How Toxic Bosses Led Me to the Forest

After losing myself in a demeaning, high-stakes corporate environment, I turned to the trees to remember who I was and discover a deeper purpose

7/5/20263 min read

A narcissistic boss drew me to forest therapy.

I’ve worked in fast-paced, stressful environments my whole life, from newsrooms and creative agencies to high-tech startups. I was constantly in survival mode, but I just assumed that’s what it felt like to have a career.

About a year ago, I became the third hire at a tiny financial tech startup. The founder talked me into joining, even though I warned him that the advertised role was too junior. I needed him to agree to a more expansive scope, one that would serve as the seedling for growing an entire marketing department. After 15+ years in various copywriting, content, strategy, and marketing roles, I thought this could be a great opportunity to help build something from the ground up, starting with a unique content strategy.

Fast forward, and I quickly realized this person was not someone I’d be able to thrive alongside, let alone work with at all. Anytime I pitched an idea, he’d say, “I have a better idea” (shocker: they were never better). He was a trained CPA, yet he insisted on creative directing every move I made, once beating his own personal record by adding 78 comments to a five-paragraph piece of work. He was constantly telling me, “I know what kind of person you are…” followed by a wildly incorrect and deeply offensive opinion. He accused me of being a “defensive person” whenever I walked him through a creative strategy. When I suggested we start using traditional creative briefs to keep projects on track, he refused to speak to me for a full day, choosing instead to record a video berating me for treating him badly and having no faith in his vision.

Anytime I was “clocked in,” I felt outside of my body, doing my best to rise to the challenge of finding a way to work with him while trying to keep everything compartmentalized.

But even with that effort, I’m sad to say that I lost myself. I questioned my years of deep experience, the accomplishments under my belt at Fortune 100 companies, and the public praise I’d received from well-known industry leaders.

I also realized that I’d spent so much of my career enduring toxic people; he was just the most obvious, in-your-face version of them.

Through all of it, I noticed a pattern: whenever I felt adrift, unwell, or ridden with anxiety, I always sought out nature. When I lived in San Francisco, it was spending weekends in Golden Gate Park or Mission Dolores, or vying for one of the hard-to-come-by camping spots in the North and East Bays.

As I endured this recent horrible dynamic, I spent every moment I could outside in my own backyard, which I am grateful to say is five forested acres in the Rocky Mountains.

It was there that I found myself again. I quickly reconnected with the magic of who I am, all the experiences I’ve had in my life, and how I needed to show up in the world.

It was there that I found my new purpose.

Forest bathing, forest therapy, shinrin-yoku, ecotherapy (whatever you want to call it) doesn’t magically erase your problems. I still work a 9-to-5 in marketing, and I still get frustrated, annoyed, and stressed out. But now, I don't just look for a way out; I have a way through.

And my new purpose is to help other people understand and connect with nature, so you can live in its wisdom and let it restore you.

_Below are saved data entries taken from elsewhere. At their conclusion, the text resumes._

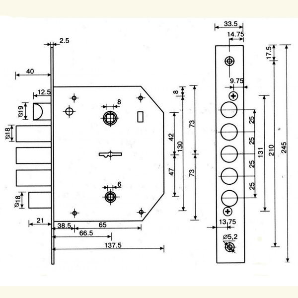 Расстояние в замке Апекс Т-21 между отверстиями крепежа 210 мм
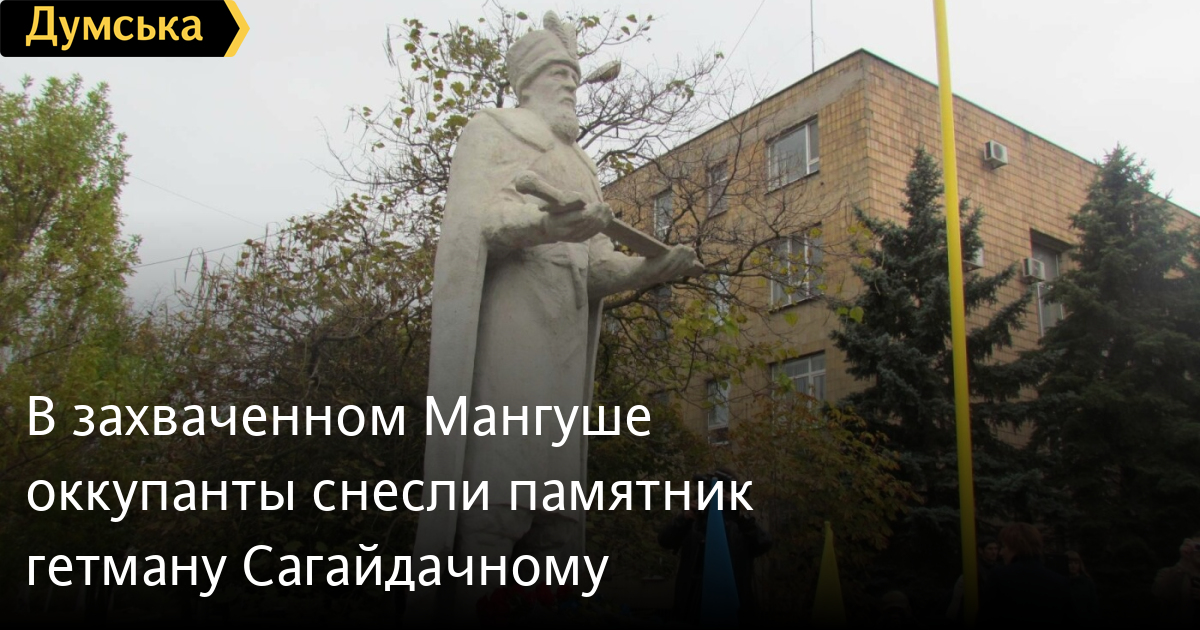В захваченном поселке Мангуш Мариупольского района Донецкой области оккупанты 7 мая снесли памятник гетману Сагайдачному, установленный в 2017 году по инициативе полка «Азов».
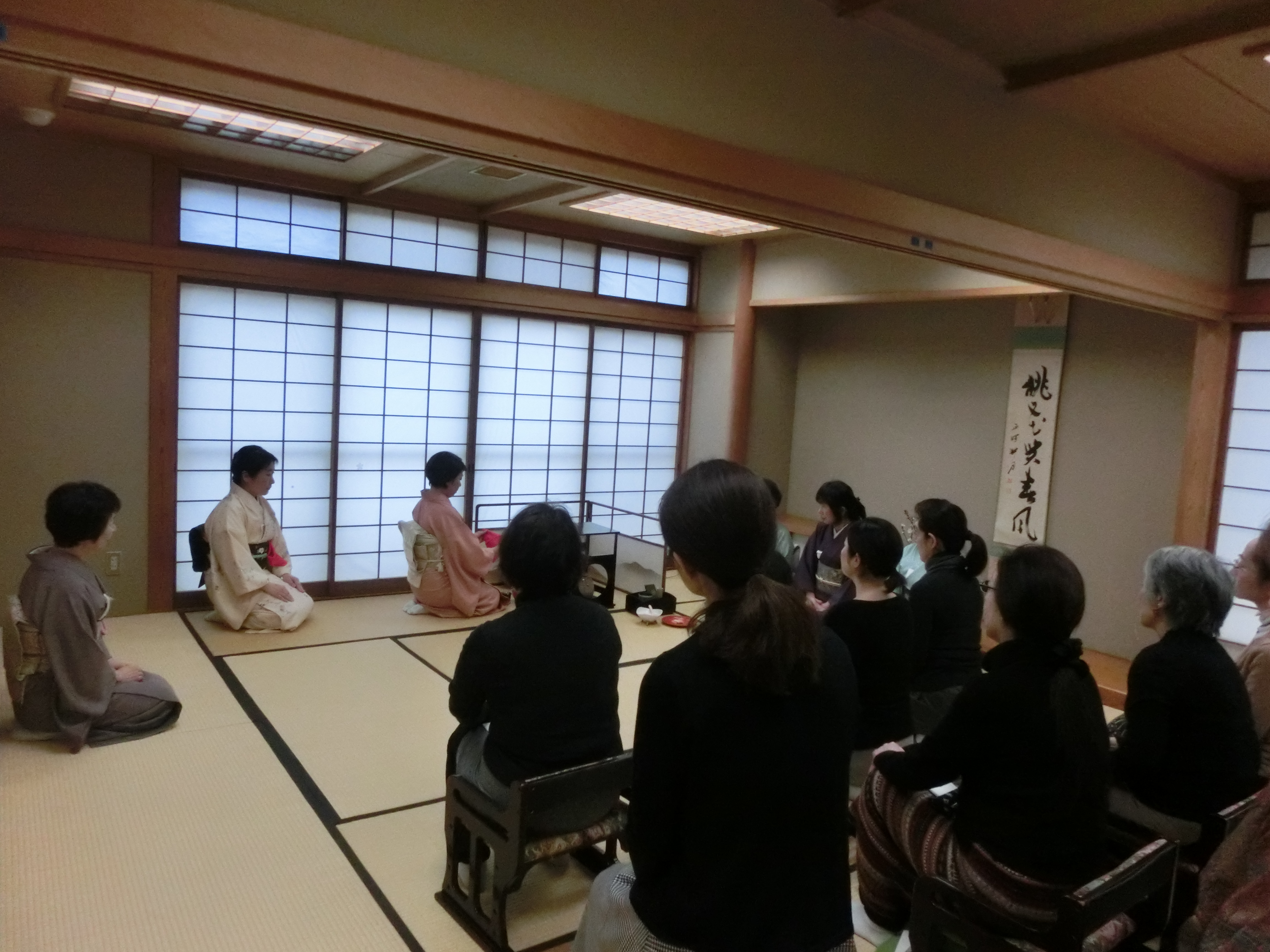 お茶席に招かれた際の基本作法を 体験頂きました 今回はプログラムに「濃茶」も盛り込み 本格的な茶会です 講座当日は ひな祭り 生菓子と干菓子 干菓子にはひなあられも添えられて 紅白の桃の花・菜の花・・・ 春はもう すぐ

I'm grateful that you are here.

how to recover from corporate burnout, healing from a toxic work environment, escaping the corporate hustle culture, chronic workplace stress relief, finding peace after career burnout, coping with high stakes work stress, leaving survival mode at work, somatic relief for corporate anxiety, corporate burnout recovery tools, how to find yourself after career burnout, nature therapy for stress relief, forest bathing for nervous system regulation, deep nature connection practices, nature as a way through stress, finding grounding in the woods, restorative nature immersion, forest therapy for anxiety relief, intentional outdoor time for healing, ecotherapy practices for everyday life, somatic grounding in nature, how to regulate your nervous system naturally, nervous system reset for high stress professionals, mindful reflections for a stressful day, finding inner peace in daily life, simple practices to feel at one with nature, moving from survival mode to inner calm, slow living tools for busy minds, grounding practices for daily overwhelm, restorative wellness through nature, daily mindfulness for high achievers

© Human Nature Ecotherapy 2026. All rights reserved.

A portion of the proceeds from every sale goes to non-profit organizations focused on protecting and preserving nature.